Google Stand Up Exascale TPUv4 Pods On The Cloud

Google Stand Up Exascale TPUv4 Pods On The Cloud

It’s Google I/O 2022 this week, among other things, and we were hoping for a deep architectural dive into the TPUv4 matrix math engines that Google talked about at last year’s I/O event. But, alas, no such luck. But the search engine and advertising giant, which also happens to be one of the biggest AI innovators on the planet due to the gigantic amount of data it needs to use, gave some additional information about TPUv4 processors and the systems that use them.

Google also said it was installing eight pods of the TPUv4 systems in its Mayes County, Oklahoma, data center, which embraces 9 exaflops of aggregate compute capacity, for use by its Google Cloud branch so that researchers and businesses have access to the same type and capacity of computing that Google has to do its own in-house AI development and production.

Google has operated data centers in Mayes County, northeast of Tulsa, since 2007 and has invested $4.4 billion in facilities since then. It’s located in the geographic center of the United States – well a little south and west of it – and that makes it useful because of the relatively short latencies for much of the country. And now, by definition, Mayes County has one of the largest iron rigs to boost AI workloads on the planet. (If all eight TPUv4 pods were networked together and the work could scale simultaneously, perhaps we could say “largest” unequivocally. . . . Surely Google did, as you’ll see in quote below.)

During his keynote, Sundar Pichai, who is chief executive of Google and its parent company, Alphabet, mentioned in passing that TPUv4 pods were previewed on his cloud.

google io mayes county ai hub

“All of the advances we shared today are only possible through continued innovation in our infrastructure,” Pichai said of some pretty cool natural language enhancements and immersive data search engines that he has made and which feed all kinds of applications. “Recently, we announced our intention to invest $9.5 billion in data centers and offices across the United States. One of our state-of-the-art data centers is in Mayes County, Oklahoma, and I’m thrilled to announce that we’re launching the world’s largest publicly accessible machine learning center there for all of our Google customers. Cloud. This machine-facing hub features eight Cloud TPU v4 pods, custom-built on the same network infrastructure that powers Google’s largest neural models. They deliver nearly 9 exaflops of aggregate computing power, giving our customers unprecedented ability to run complex models and workloads. We hope this will fuel innovation in everything from medicine to logistics to sustainability and more. »

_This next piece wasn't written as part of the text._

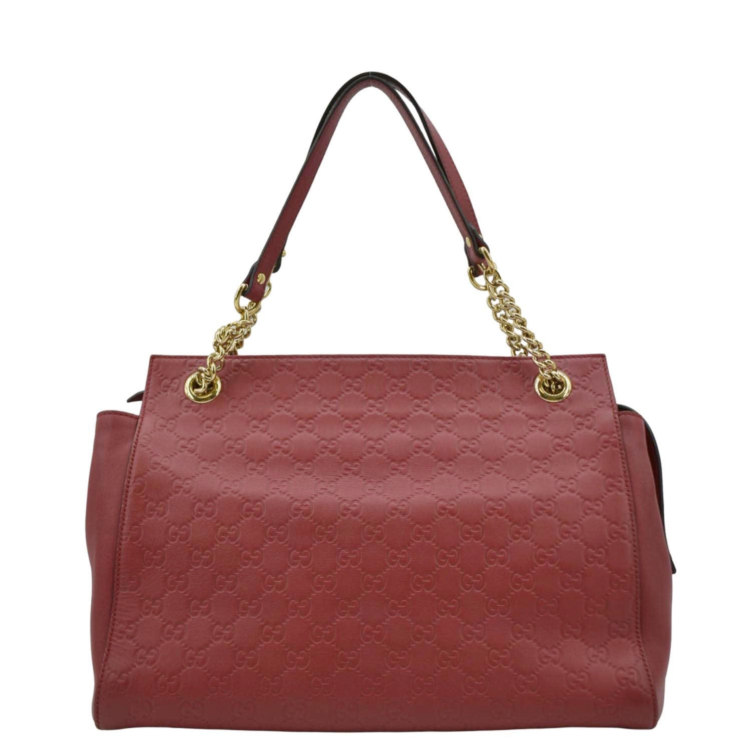 GUCCI Large Soft Signature Leather Chain Shoulder Tote Bag Red 453771

Pichai added that this TPUv4 pod-based AI hub already has 90% of its power coming from sustainable, carbon-free sources. (He didn’t say how much wind, solar or hydropower there was.)

Before we get into the speeds and flows of TPUv4 chips and pods, it’s probably worth pointing out that, for all we know, Google already has TPUv5 pods in its internal data centers, and it might have a considerably larger collection of TPUs to drive own models and augment own applications with AI algorithms and routines. This would be the old way Google did things: Talk about generation NOT of something while he was selling generation N-1 and had already passed to the generation N+1 for its internal workloads.

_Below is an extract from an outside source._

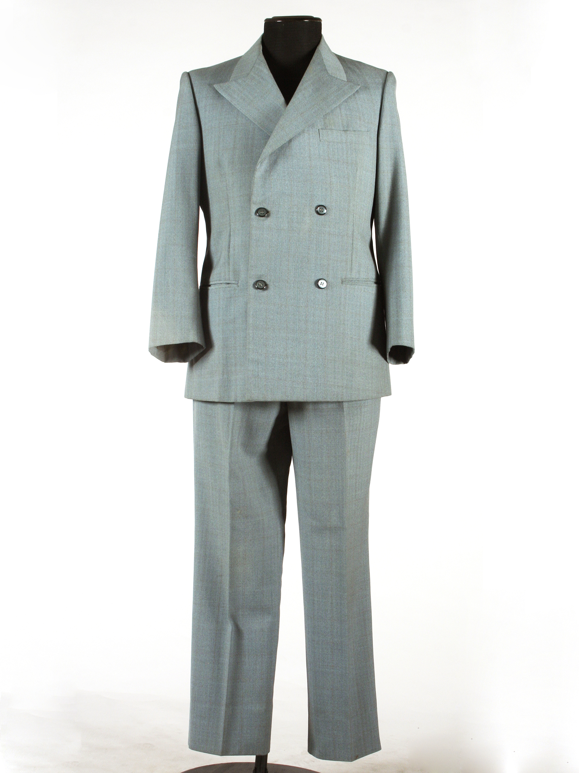 Traje ambo gris oscuro a cuadro, vestón cruzado con cuatro botones, solapa ancha y pantalón con pretina de un botón. Etiqueta 'Sastrería Opazo', Serrano 542, Valparaíso, Fono 57607. Fabricación chilena.

This does not seem to be the case. In a blog post written by Sachin Gupta, VP and GM of Infrastructure at Google Cloud, and Max Sapozhnikov, Product Manager for Cloud TPUs, when the TPUv4 systems were built last year, Google y gave early access to researchers from Cohere, LG AI Research, Meta AI and Salesforce Research, and further they added that TPUv4 systems were used to create the Pathways Language Model (PaLM) that underpins processing natural language and speech recognition innovations that were at the heart of today’s speech. Specifically, PaLM was developed and tested on two TPUv4 pods, which each have 4,096 TPUv4 matrix math engines.

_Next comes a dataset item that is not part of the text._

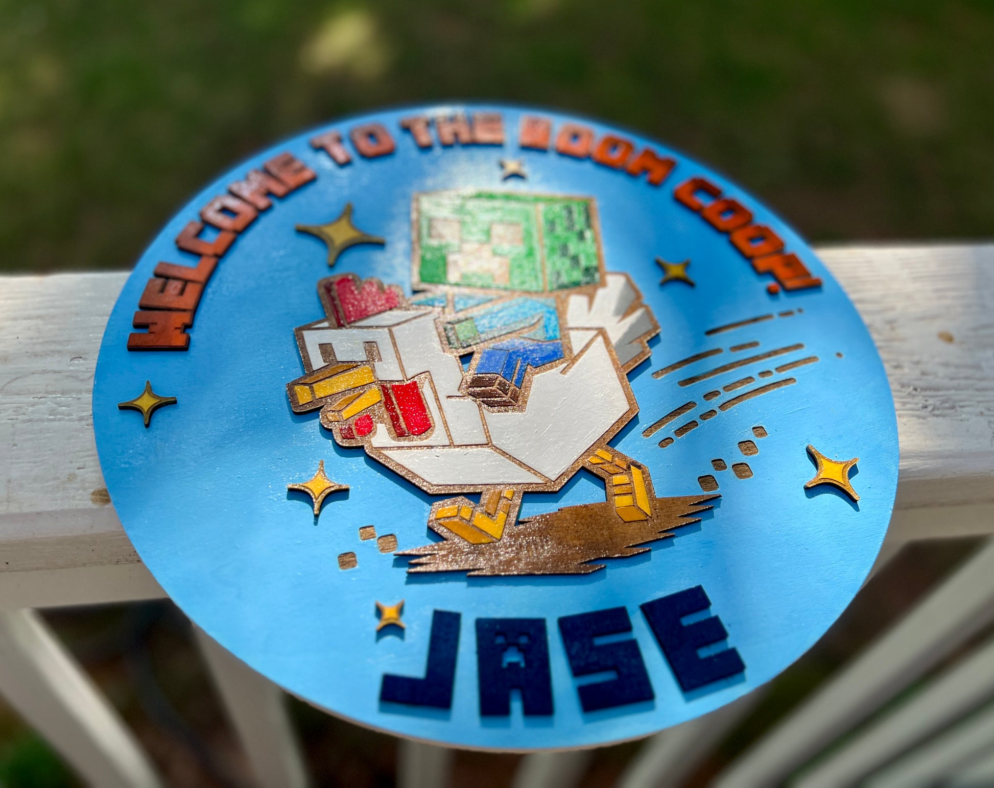 Bring your gamer’s world to life with this Minecraft-inspired custom wood sign! Featuring a playful design of a Creeper-headed rider on a chicken with bright, bold colors and 3D layered details, this sign is sure to make any Minecraft fan smile. The phrase “Welcome to the Boom Coop!” adds extra fun, while the bottom is personalized with your child’s name for a unique touch.

If Google’s brightest new models are being developed on TPUv4s, it probably doesn’t have a fleet of TPUv5s hiding in a data center somewhere. Although we’ll add, it would be interesting if the TPUv5 machines were hidden away, 26.7 miles southwest of our office, in the Lenoir data center, shown here from our window:

google lenoir datacenter scaled

The strip of gray down the mountain, under the birch leaves, is the Google datacenter. If you squint and stare hard into the distance, the Maiden Apple Data Center has gone left and considerably further down the line.

Enough of that. Let’s talk about some flows and speeds. Here, finally, are some capabilities that compare TPUv4 to TPUv3:

google io tpuv4 specs

Last year when Pichai was hinting at TPUv4, we guessed that Google was moving to 7 nanometer processes for this generation of TPU, but given that very low power consumption, it seems like it’s probably etched using 5 nanometer processes. (We assumed Google was trying to keep the power envelope constant, and it clearly wanted to lower it.) We also guessed it was doubling the core count, from two cores on the TPUv3 to four cores on the TPUv4 , which Google has not confirmed or denied.

Doubling the performance while doubling the cores would allow TPUv4 to reach 246 teraflops per chip, and going from 16 nanometers to 7 nanometers would allow roughly doubling the same power envelope with roughly the same clock speed. Going to 5 nanometers allows the chip to be smaller and run a bit faster while reducing power consumption – and having a smaller chip with potentially higher efficiency as 5 nanometer processes mature. That average power consumption decreased by 22.7%, and this is met with an 11.8% increase in clock speed considering the process node two and change from TPUv3 to TPUv4.

There are some very interesting things in this table and in the statements that Google makes in this blog.

Aside from the 2X cores and the slight increase in clock speed brought about by the chip manufacturing process for the TPUv4, it’s worth noting that Google has kept the memory capacity at 32GB and hasn’t increased to the HBM3 memory that Nvidia uses with the “Hopper” GH100 GPU accelerators. Nvidia is obsessed with memory bandwidth on devices and, by extension with its NVLink and NVSwitch, memory bandwidth in nodes and now on nodes with a maximum of 256 devices in a single frame.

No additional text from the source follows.